### [EXERCISE]
Once you find the line with "Gothic - Gold" in the listing below, set down exactly every line from it through the line with "小梶 薫はさんの天格は14画の1点!", but no pictures.

****************************************

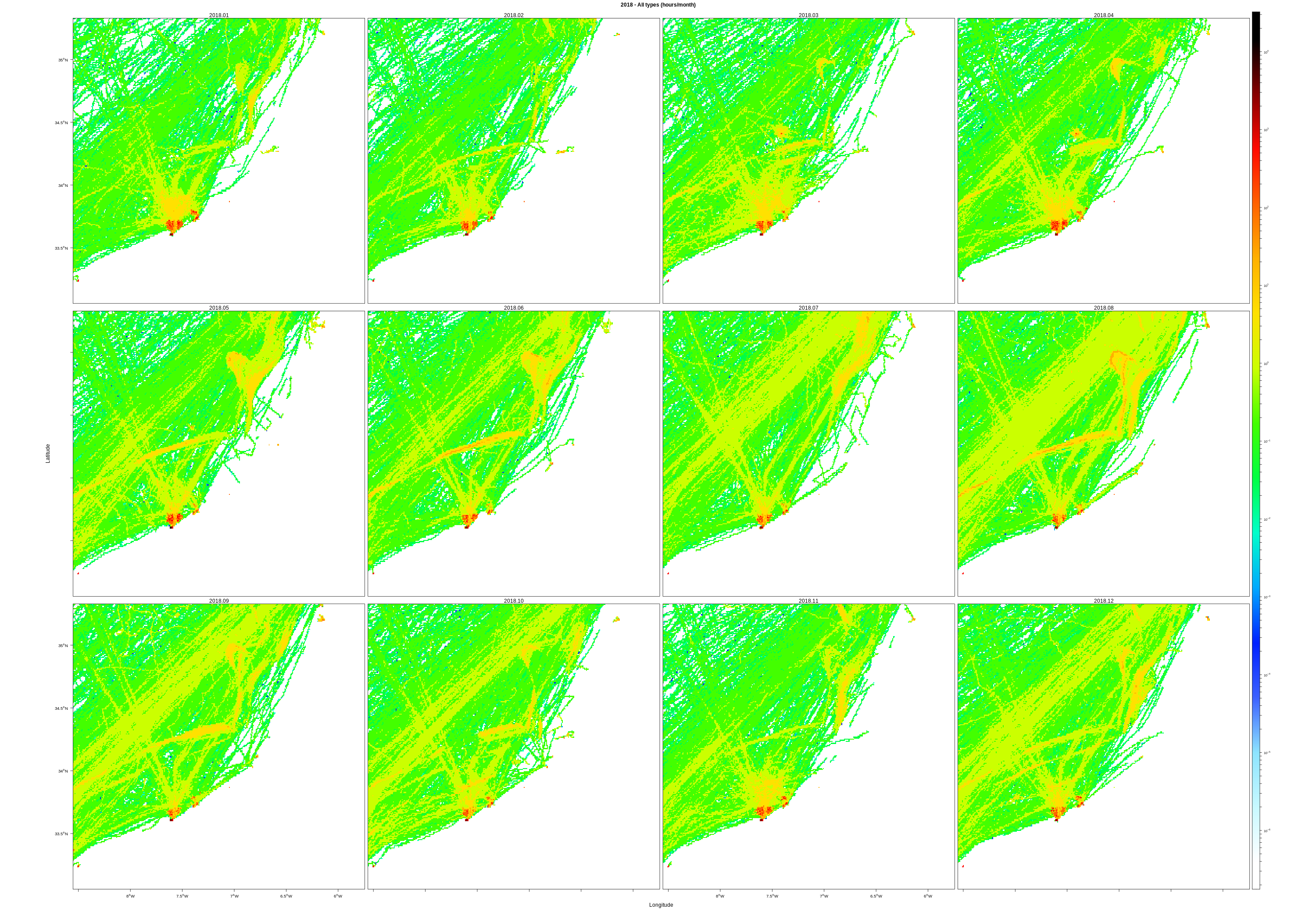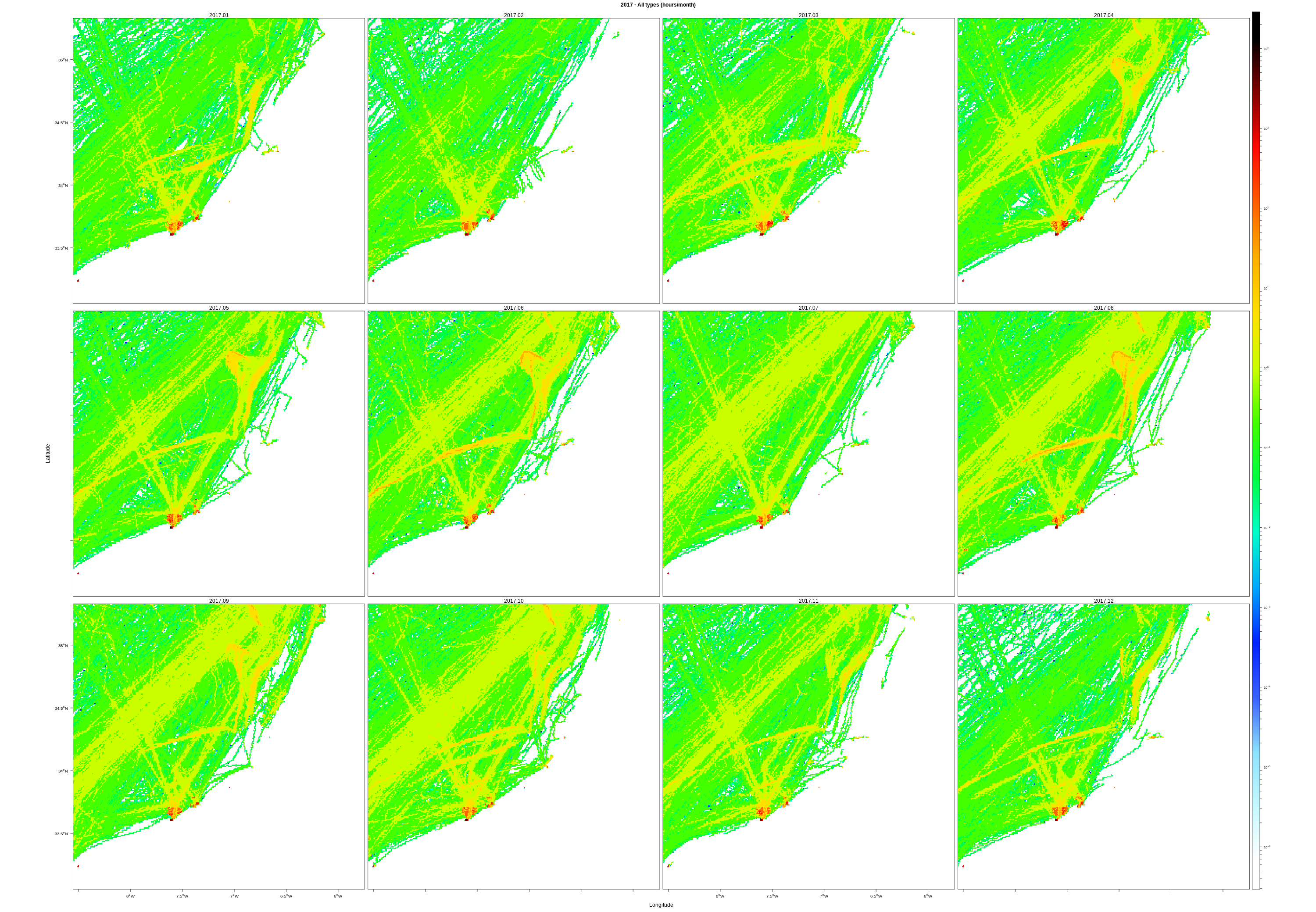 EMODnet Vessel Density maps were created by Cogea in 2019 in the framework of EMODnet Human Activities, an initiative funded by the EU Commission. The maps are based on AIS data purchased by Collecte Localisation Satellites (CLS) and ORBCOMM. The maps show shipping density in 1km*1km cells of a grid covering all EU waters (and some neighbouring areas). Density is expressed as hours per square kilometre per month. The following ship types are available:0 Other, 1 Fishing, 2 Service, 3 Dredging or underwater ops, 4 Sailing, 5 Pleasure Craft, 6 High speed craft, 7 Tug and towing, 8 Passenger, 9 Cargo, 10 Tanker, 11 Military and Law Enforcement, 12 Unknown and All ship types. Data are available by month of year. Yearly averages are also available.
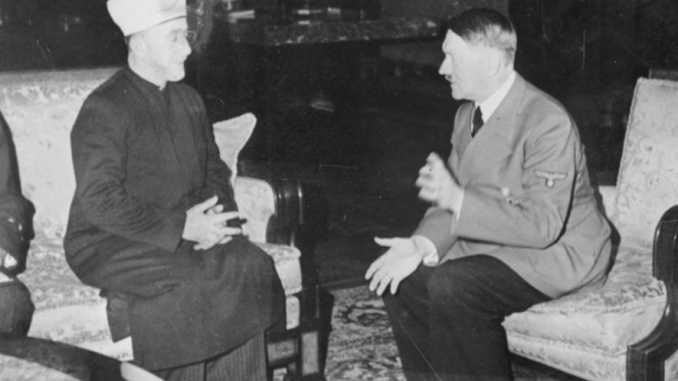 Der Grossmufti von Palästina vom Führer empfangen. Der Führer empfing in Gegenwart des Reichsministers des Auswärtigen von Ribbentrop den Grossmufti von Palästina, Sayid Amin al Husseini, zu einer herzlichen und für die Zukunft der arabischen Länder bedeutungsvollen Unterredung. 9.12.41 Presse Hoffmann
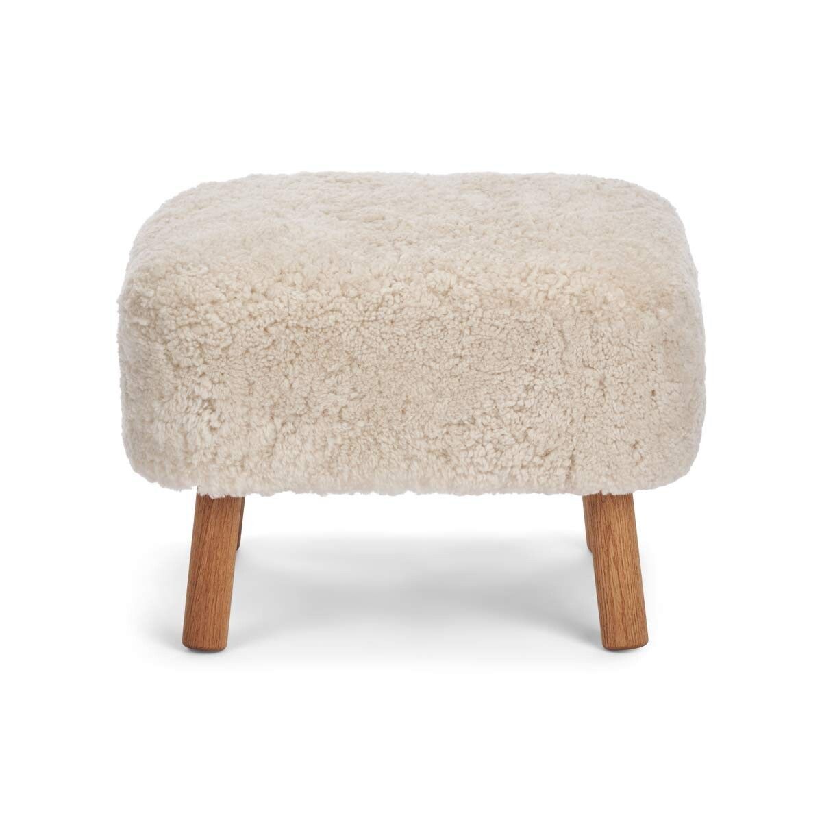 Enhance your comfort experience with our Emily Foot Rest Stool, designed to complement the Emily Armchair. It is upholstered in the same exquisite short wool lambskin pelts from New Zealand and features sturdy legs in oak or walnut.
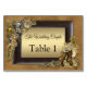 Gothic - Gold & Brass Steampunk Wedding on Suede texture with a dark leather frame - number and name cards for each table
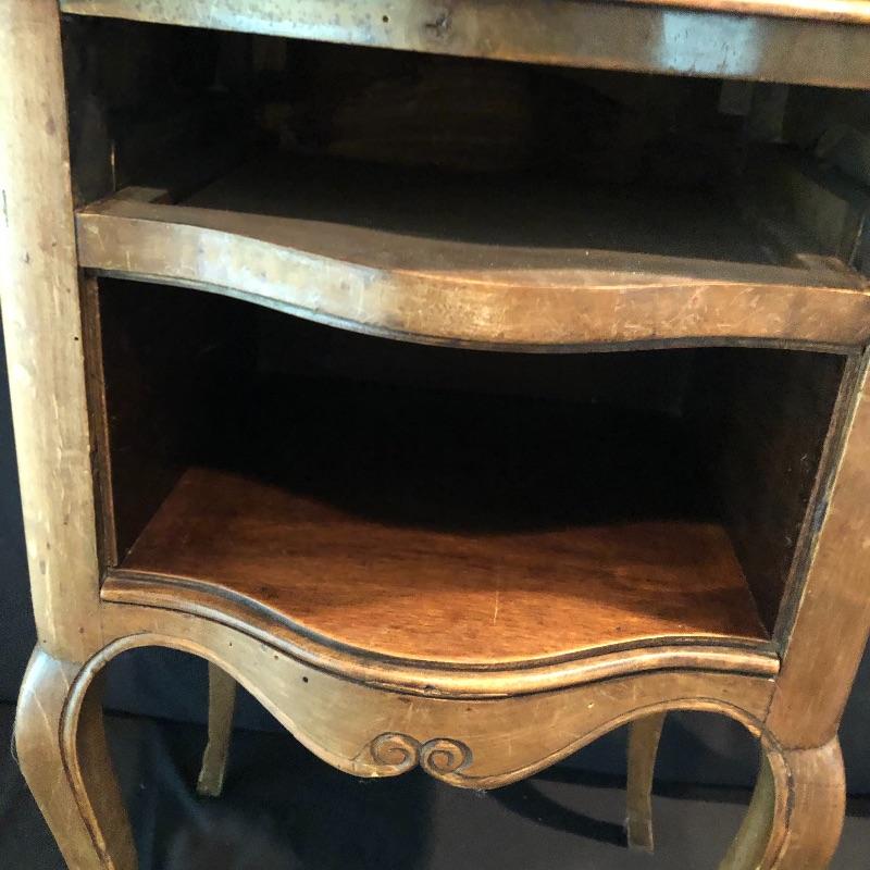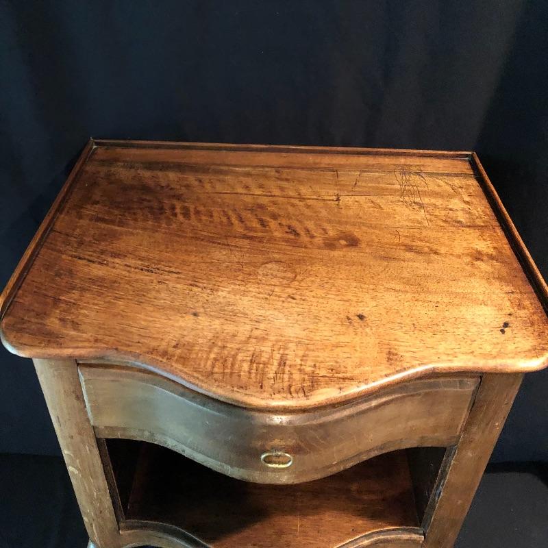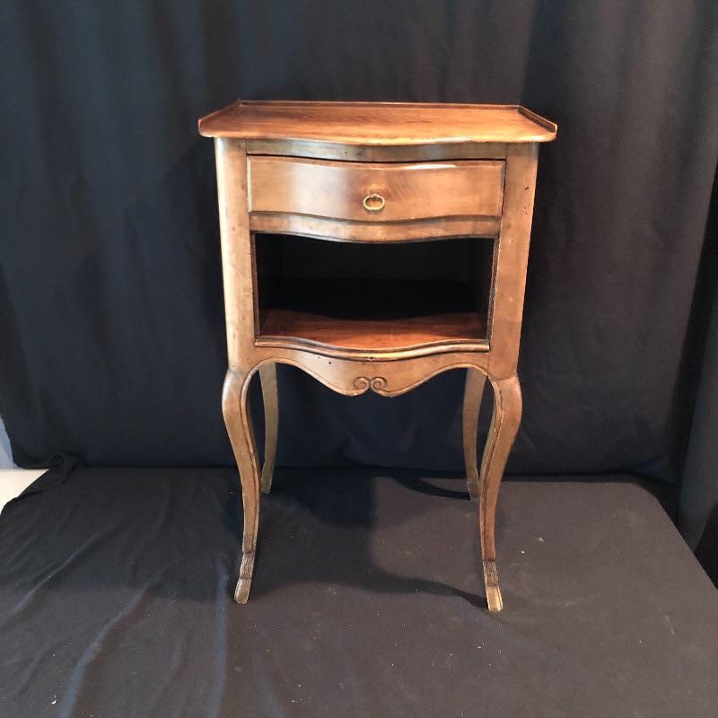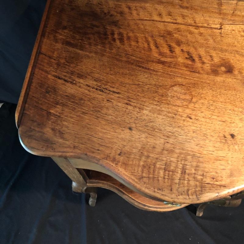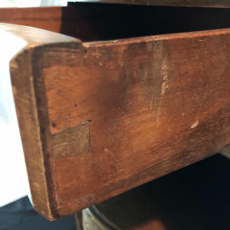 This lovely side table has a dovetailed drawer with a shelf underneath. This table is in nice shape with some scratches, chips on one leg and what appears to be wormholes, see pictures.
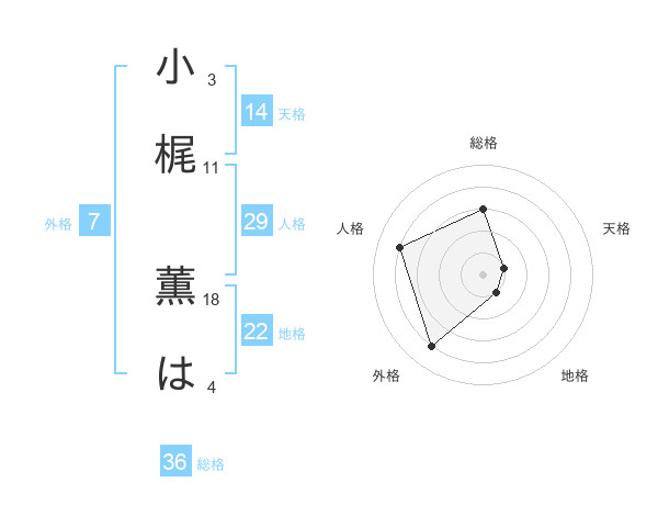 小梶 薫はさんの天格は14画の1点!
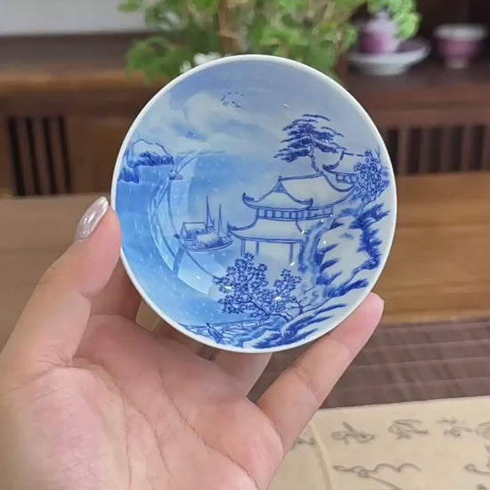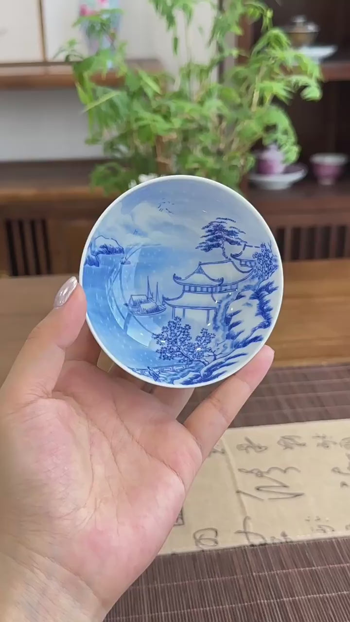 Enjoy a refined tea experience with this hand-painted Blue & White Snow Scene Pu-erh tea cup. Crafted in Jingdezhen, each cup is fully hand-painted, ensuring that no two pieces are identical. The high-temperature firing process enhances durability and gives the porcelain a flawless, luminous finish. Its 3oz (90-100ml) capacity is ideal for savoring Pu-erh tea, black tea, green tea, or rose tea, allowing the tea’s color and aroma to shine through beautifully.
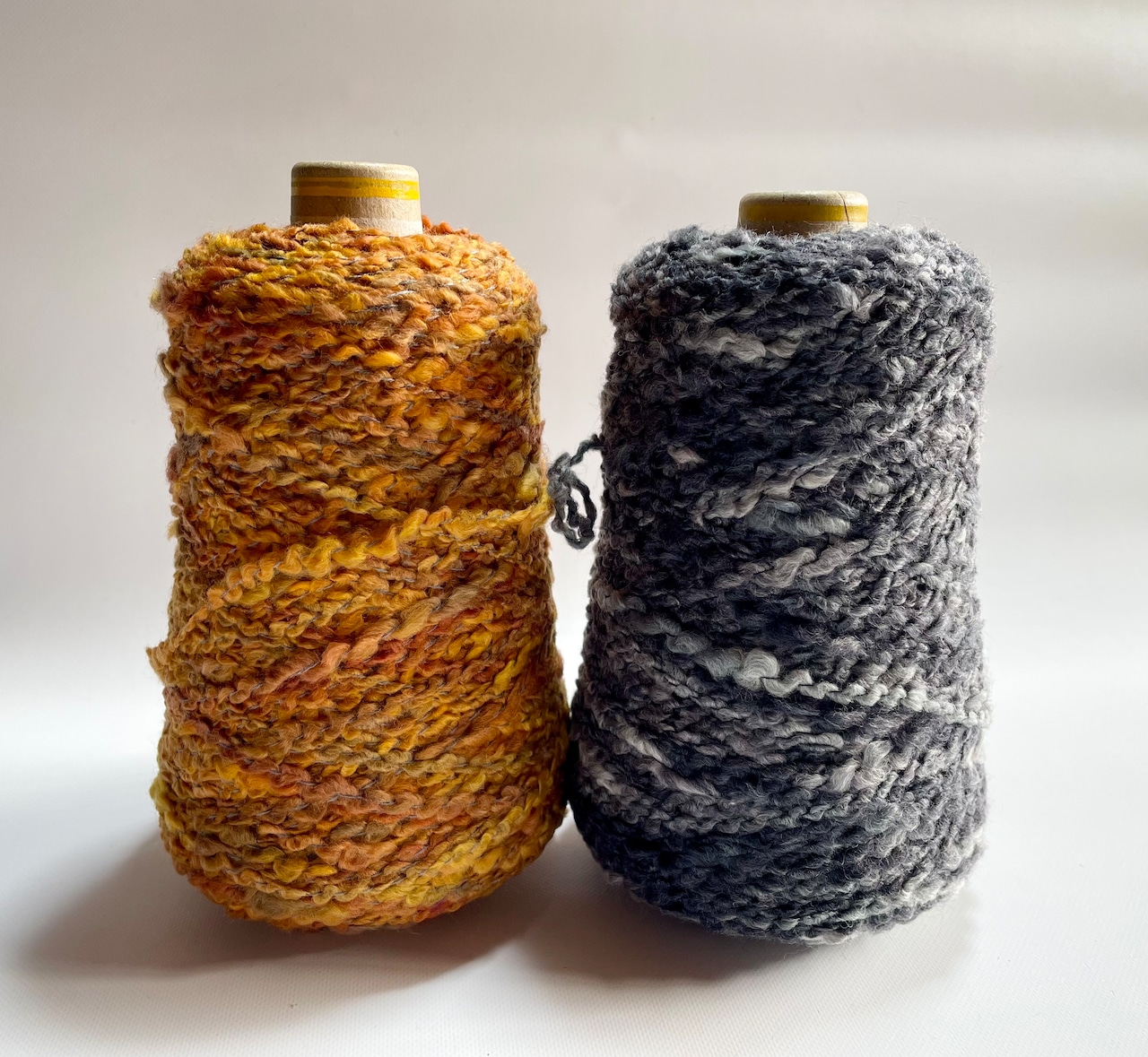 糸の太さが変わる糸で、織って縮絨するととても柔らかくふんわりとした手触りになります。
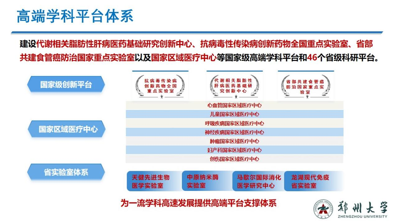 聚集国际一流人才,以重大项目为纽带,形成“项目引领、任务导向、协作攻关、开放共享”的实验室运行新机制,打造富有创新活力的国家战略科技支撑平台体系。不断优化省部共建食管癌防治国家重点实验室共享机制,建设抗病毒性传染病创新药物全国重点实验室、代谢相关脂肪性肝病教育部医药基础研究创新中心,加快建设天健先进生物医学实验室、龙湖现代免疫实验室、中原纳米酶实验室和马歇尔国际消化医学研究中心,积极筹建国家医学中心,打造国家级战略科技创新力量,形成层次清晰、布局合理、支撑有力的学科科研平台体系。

****************************************

### [RESPONSE FOR THIS EXERCISE]
 Gothic - Gold & Brass Steampunk Wedding on Suede texture with a dark leather frame - number and name cards for each table
 This lovely side table has a dovetailed drawer with a shelf underneath. This table is in nice shape with some scratches, chips on one leg and what appears to be wormholes, see pictures.
 小梶 薫はさんの天格は14画の1点!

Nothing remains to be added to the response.